What do you think :)?

@schumannj, @dalito @HendrikBorgelt @AleSteB

All the best
Micha

@HendrikBorgelt
Copy link
Member

Hi Micha,

while I accept that selectivity is a property that every catalyst has and that can be uniquely attributed to a catalyst, using selectivity in the same sense as weight is quite difficult. We might forgo that the weight must be measured at a certain time since it is mostly unimportant whether a person is around 100kg today and was 99,8kg yesterday, it is still around 100kg. We can not do so with the selectivity. Selectivity is a nonunary characteristic. It always depends on the given educts and the respective product to which it refers. So "selectivity(of a product for a given educt)" Measuring the Selectivity of a deNOx catalyst like a car catalyst also depends on the fuel we use, not only whether we measure NO2 or N2O2. And even if we can say this, the selectivity is still dependent on the whole set of reaction conditions (e.g. Cold start selectivity vs set point selectivity). If you are familiar with I-adopt this picture, where I tried to model the data content of https://nfdirepo.fokus.fraunhofer.de/dataset.xhtml?persistentId=doi:10.82207/FK2/NR5BWO via I-adopt, might help you understand the complexity of modeling a selectivity measurement in a simple data set.
Blank diagram - Page 1

Maybe it is best not to focus on a highly composite term like selectivity (it is basically not one but multiple parameters combined to be more easily comparable) but focus more on more straightforward terms like reaction enthalpy or even decompose a term like selectivity into more manageable terms like conversion and yield.

But I would also like to hear your suggestion as to how you either want to handle the complexity of a selectivity or examples in which you want to use the term selectivity without struggling with such things.

all the best
Hendrik

@RoteKekse
Copy link
Contributor Author

RoteKekse commented Feb 6, 2024

Hey Hendrik,

thanks for your answer :). I think we need to boil it down to the point where it is like a mass of a person. The data point is the output of a measurement and therefore the context like time, reactants, temperature profile etc is given. If we have a term like selectivity measurement datum this then can have in an ontology sense "children" such as selectivity of methane measurement datum. The instances of such a thing are then the specific values of a specific measurement. By the way for mass of a human it is not that much different, it also depends on temperature, time, air pressure and much more, it just feels easy because we now of what it is a quality. The question remains of what is selectivity a quality. Below I would say that selectivity/selectivities are a quality of a chemical reaction.

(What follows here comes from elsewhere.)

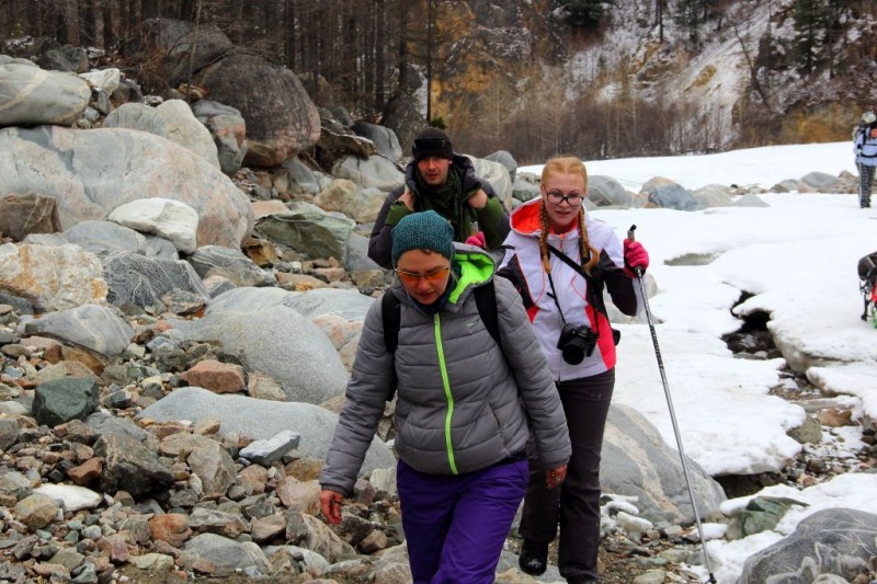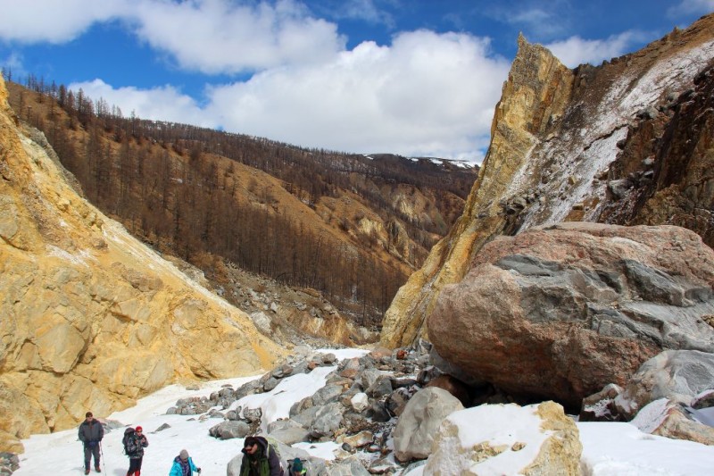 Дальше мы сходили с Белого Иркута направо на речку Мугувек, которая не задолго до впадения в Белый Иркут, в ложбине образует зимой ледник. В этом году нам повезло, ледник слегка подтаял, и можно было без особых проблем идти по нему без кошек, которых у нас собственно и не было. Облака немного стали расходиться, идти стало веселее.

Lets be concrete, since you asked for an example, i will use highlighted notation to indicate triple stores:
Lets say we have a catalytic measurement. The catalytic measurement has specific inputs temperature setting datum, pressure setting datum... which are data points and are specifications of process temperature, process pressure ... Note that the data points could easily be a profile over time. The catalytic measurement contains catalytic reaction. The catalytic reaction is a chemical reaction and has reactant some chemicals eg CO and has products some chemicals eg Methane and has catalyst some catalyst.
Then conversion is a qualitiy of each reactant. While the conversion measurement datum is output of the catalytic measurement.
Selectivity is a bit more tricky. Since it is a quality of a ratio of reactants and products. So selectivity is a qualitiy of chemical reaction. While the selectivity measurement datum is output of the whole catalytic measurement.

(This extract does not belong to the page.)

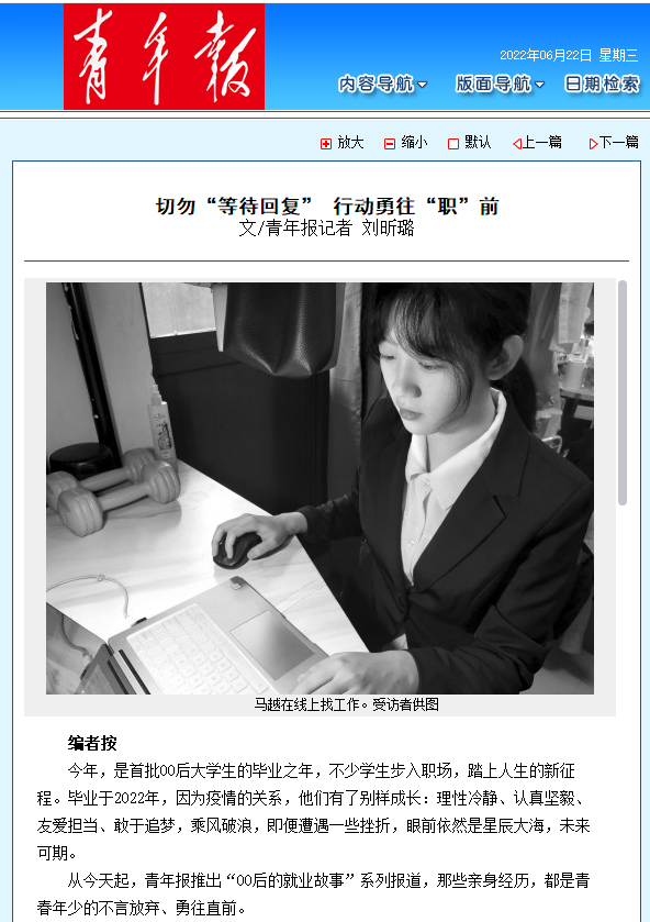 【青年报】切勿“等待回复” 行动勇往“职”前

This vocabulary could be used quite nicely to annotate data in nomad. I still find it quite helpful to separate the qualities like mass from the data. Because then you can think about of what mass is as a quality and then at another point you can think about where the data comes out, eg a measurement.

Obviously one could use one term for data and quality, but then i always wonder, are you referring to selectivity as a property of an reaction or are you referring to a numerical value of a specific measurement.

What do you think, best Micha

@schumannj
Copy link
Contributor

Hi Hendrik and all,
I think there are 2 things getting mixed up in the discussion. If I understood correctly Micha asked whether we need/want to define a seperate 'measurement datum' concept for already defined concepts, to annotate our data entries in a database. So for me the question is do we need to define "conversion" and "conversion measurement datum", "reaction temperature" and "reaction temperature measurement datum" and then also "reaction temperature setting datum". Sometimes we even have another maybe "reaction temperature calibrated setting datum", e.g. when we know we have to set the heater to a different temperature to achive the desired temperature in a reactor. Or maybe this could be simplified in the vocabulary to just define "measurement datum", "setting datum", ect. and these are concepts associated with the main qualitative concept such as conversion, reaction temperature, selectivity, yield,....

The 2nd point of discussion, how we define selectivity, is seperate from the original post, I think. Maybe we should open a seperate post about this? I dont think it is an option to not define selectivity in a catalysis vocabulary. The currently existing definition for selectivity is not general enough and does not capture what I need to annotate the data in my datasets: "In photocatalytic processes where product formation is expected, selectivity describes the ability of a photocatalyst to produce only the desired product with minimal (or none) of byproducts." The definition I suggest "A property of a product that refers to the ratio of products obtained from given reactants." is more data focused. The definitions could be extended by the formula "S(product)=Amount of product/ Sum over all products" and include the ambiguity that sometimes products are assigned special weight factors depending on the number of reactant molecule that goes into each product.

@dalito
Copy link
Member

dalito commented Feb 6, 2024

I agree to separate the discussion on the definition for selectivity (to be continued in #46) from how to model data (to be discussed here).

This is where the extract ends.